If you don't mind breaking the standard `Dataset` + `DataLoader` pattern with `torch.utils.data`, you can use `SimpleVideoCollectionLoader`, which combines dataset and dataloader creation. This dataloader can also automatically create the appropriate Video objects from paths:

```python
from pvio.torch_tools import SimpleVideoCollectionLoader

# Video specification can be mixed: path to real videos, path to directories of images,
# and pre-created Video objects are all allowed.
videos = ["path/to/video1.mp4", "path/to/dir1/", EncodedVideo("path/to/video2.mp4")]

# Supply all Video backend parameters, VideoCollectionDataset parameters, and DataLoader
# parameters in one call.
loader = SimpleVideoCollectionLoader(
    videos,
    batch_size=8,
    num_workers=4,
    transform=my_transform,  # optional
    buffer_size=64,  # optional (for video files)
    frame_id_regex=r"frame\D*(\d+)(?!\d)",  # optional (for image directories)
)

# Iterate over the entire dataset in batches through a single iterator
for batch in loader:
    frames = batch["frames"]  # torch.Tensor: B x C x H x W
    video_indices = batch["video_indices"]  # list of int (video indices)
    frame_indices = batch["frame_indices"]  # list of int
```

## Testing

The test suite uses pytest. Run it from the repository root:

```bash
pytest tests
```

The tests are organized into:
- `test_io.py` - Tests for video I/O functions
- `test_torch_tools.py` - Unit tests for VideoCollectionDataset
- `test_integration.py` - Integration tests with parallel loading
- `test_readme_examples.py` - Tests to make sure the examples in this README work

There are a few tests that write small MP4 files using imageio/ffmpeg; ensure `ffmpeg` is available in the environment where tests run.

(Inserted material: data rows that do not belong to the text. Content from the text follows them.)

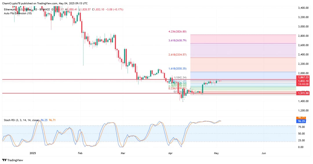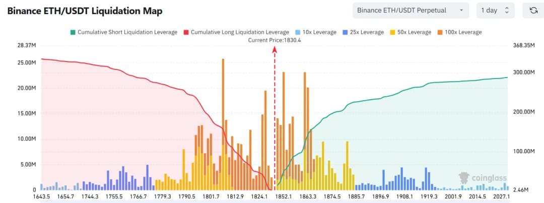 منبع: Coinglass ساختار قیمتی اتریوم در محدوده ۱۷۷۰ دلار (حمایت) تا ۱۸۶۷ دلار (مقاومت) قرار دارد. سطح ۱۸۶۷ دلار در تلاشهای اخیر برای صعود به عنوان سقف عمل کرده است. عبور قاطعانه از آن میتواند هدف اکستنشن فیبوناچی ۱.۶۱۸ را در ۲۰۳۰ دلار آزاد کند. با این حال، شاخص RSI استوکاستیک در حدود ۹۶ قرار دارد که شرایط اشباع خرید را نشان میدهد. با این وجود، ساختار کلی با کفهای بالاتر و مقاومت افقی یک الگوی کلاسیک شکست را ایجاد کرده است که معاملهگران به دقت آن را زیر نظر دارند.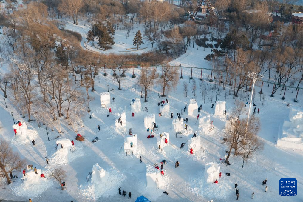1月6日,参赛选手在哈尔滨太阳岛雪博会园区进行雪雕创作(无人机照片)。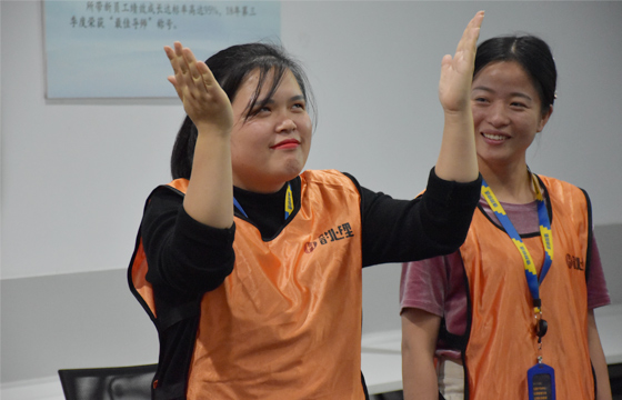 很多时候客服人员的工作压力从沟通中来,那我们的解决办法也到沟通中去寻求。胡老师用一个又一个小游戏,在帮助员工们释放压力的同时,也在用另一种方式告诉大家,沟通的方式并不只语言这一种,有时候我们可以用身体、有时候可以用眼神、你也可以自己发明一种别人听不懂的语言,用自己最独特的方式来诉说,我们可以在沟通中来积极的寻找乐趣,在工作中寻找乐趣。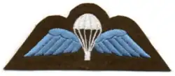 The Parachute Badge with Wings insignia, which depicts an open parachute embroidered in white flanked by a pair of wings embroidered in light blue, is only to be worn by a qualified parachutist who has subsequently been on the posted strength of a unit where they may be ordered in the course of their duties to parachute.[4] Those who do not serve with a parachute unit are permitted to wear the Parachute Badge without Wings, colloquially known as the 'Lightbulb'.[5]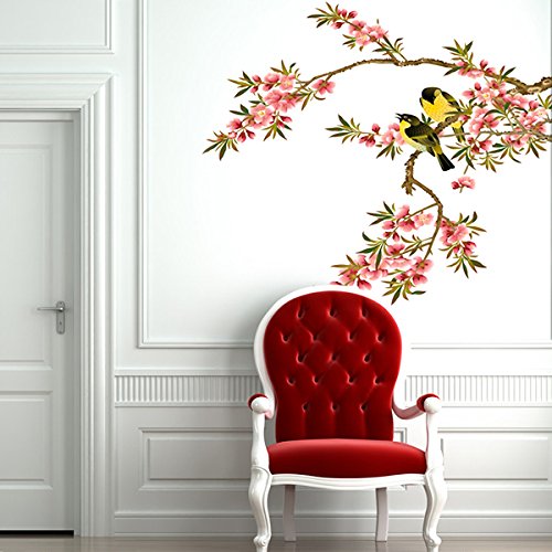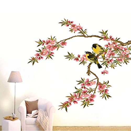 Soledi ® DIY壁デカールPeach Blossom Tree Branches Love鳥取り外し可能な壁ウォールステッカー寝室リビングルームホームアート壁デコレーション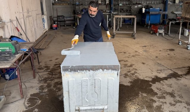 Kartepe'de eskiyen çöp konteynerleri onarılarak yeniden kullanıma sunuluyor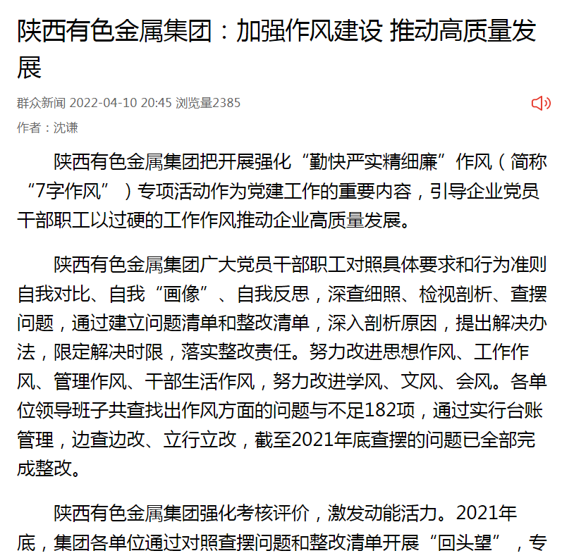 陜西有色金屬集團把開展強化“勤快嚴實精細廉”作風(fēng)(簡稱“7字作風(fēng)”)專項活動作為黨建工作的重要內(nèi)容,引導(dǎo)企業(yè)黨員干部職工以過硬的工作作風(fēng)推動企業(yè)高質(zhì)量發(fā)展。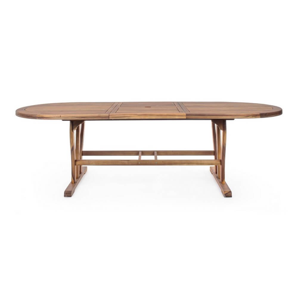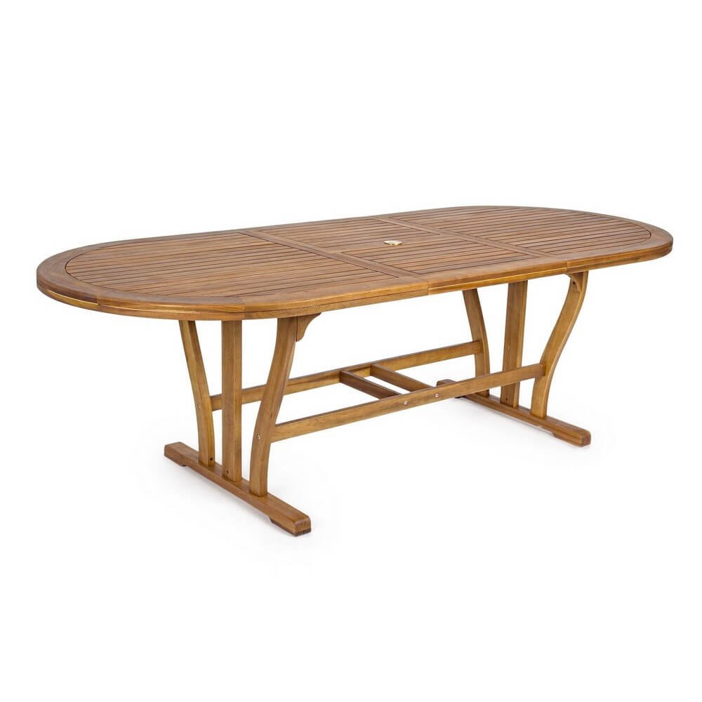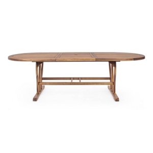 Elegante, pratico e pensato per vivere al meglio gli spazi esterni, il Tavolo Ovale Legno Marrone da Esterno 180-240 cm – SERENITY è la scelta ideale per arredare il giardino o la terrazza con stile e funzionalità. Realizzato in legno di acacia con finitura ad olio, questo tavolo da giardino unisce resistenza agli agenti atmosferici e calore naturale del materiale, esaltato da un raffinato colore marrone che si integra armoniosamente con l’ambiente outdoor. Il design ovale con doppio bordo e struttura solida dona un tocco sofisticato, mentre la possibilità di estensione da 180 a 240 cm, grazie alla pratica barra di scorrimento in plastica e viteria in acciaio galvanizzato, lo rende perfetto per ospitare comodamente più persone. Facile da assemblare, robusto e versatile, il tavolo allungabile SERENITY trasforma ogni incontro all’aperto in un momento di convivialità, offrendo una superficie ampia e accogliente per pranzi in famiglia, cene tra amici o pause rilassanti al sole.

## Notes & troubleshooting

- FFmpeg macroblock constraints: some ffmpeg builds require frame dimensions to be divisible by 16. If you see a warning about `macro_block_size=16` and unexpected resizing, choose frame sizes divisible by 16 in production pipelines.
- If you plan to decode many large videos, enabling metadata caching will speed up repeated indexing (the package writes a `.metadata.json` for each video under the same directory when `get_video_metadata` is called).
- If you have a non-standard data format, you can implement your own backend by creating a subclass of `pvio.torch_tools.Video`.